FLL Stock Forecast & Price Target
FLL Analyst Ratings
Bulls say
Full House Resorts Inc. experienced a significant revenue increase of 21% in 2024, driven by the successful opening of Chamonix and enhanced gaming performance in Illinois, with a notable 34% year-over-year growth in gaming revenue observed as of January. The company achieved a 42% rise in EBITDA for the quarter, while improvements in operational efficiency are expected as management addresses cost control and prioritizes margin enhancements at its properties.
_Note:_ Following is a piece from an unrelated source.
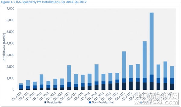 根据GTM Research的报告,非住宅太阳能光伏是太阳能市场中唯一预计在2017年实现增长的部分。报告指出,这一增长是由于项目被迫“在利率和激励结构改变之前在特定市场进行安装”等。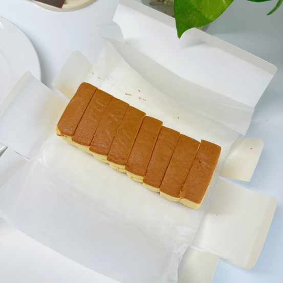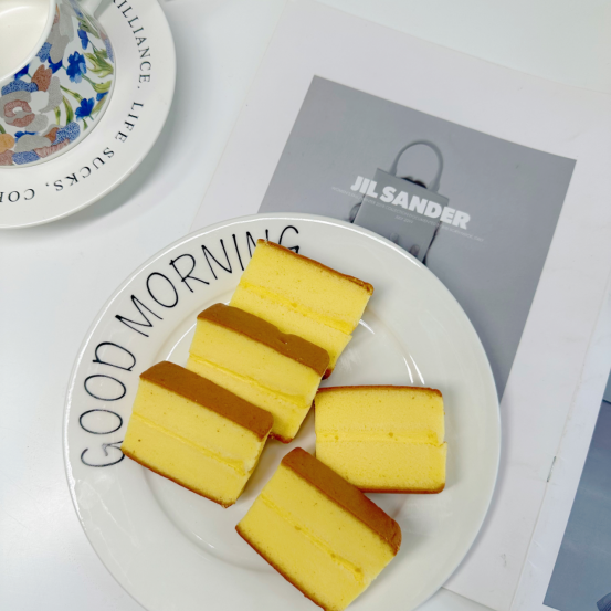 口感棒极了👏😋温润轻盈,柔软,浓郁醇香 高级进口原材,全程不添加一滴水 日式水浴烘焙制作工艺 棕黄色的表皮,焦黄绵嫩的糕身 蛋香浓郁,奶味清新 一口一块,好满足😋

Furthermore, the gaming board's extension of the temporary casino's operational timeline until late 2027, alongside a recovery in Colorado and stability in its core portfolio, positions Full House Resorts to achieve positive free cash flow and reduce leverage in the near future.
Bears say
Full House Resorts is facing a negative outlook primarily due to slower-than-expected revenue growth projections, with estimates adjusted to reflect a ramp-up below anticipated levels of approximately $10 million to $15 million for 2025. Additionally, the company's revenue concentration in the Midwest & South segment increases its vulnerability to market volatility and potential capital acquisition challenges, while the risk of cannibalization from online gaming threatens the performance of its land-based properties. Furthermore, rising labor and material inflation costs, coupled with broader political and economic uncertainties, add layers of risk that could adversely affect the company's operational stability and opportunities for revenue generation.
This aggregate rating is based on analysts' research of Full House Resorts and is not a guaranteed prediction by Public.com or investment advice.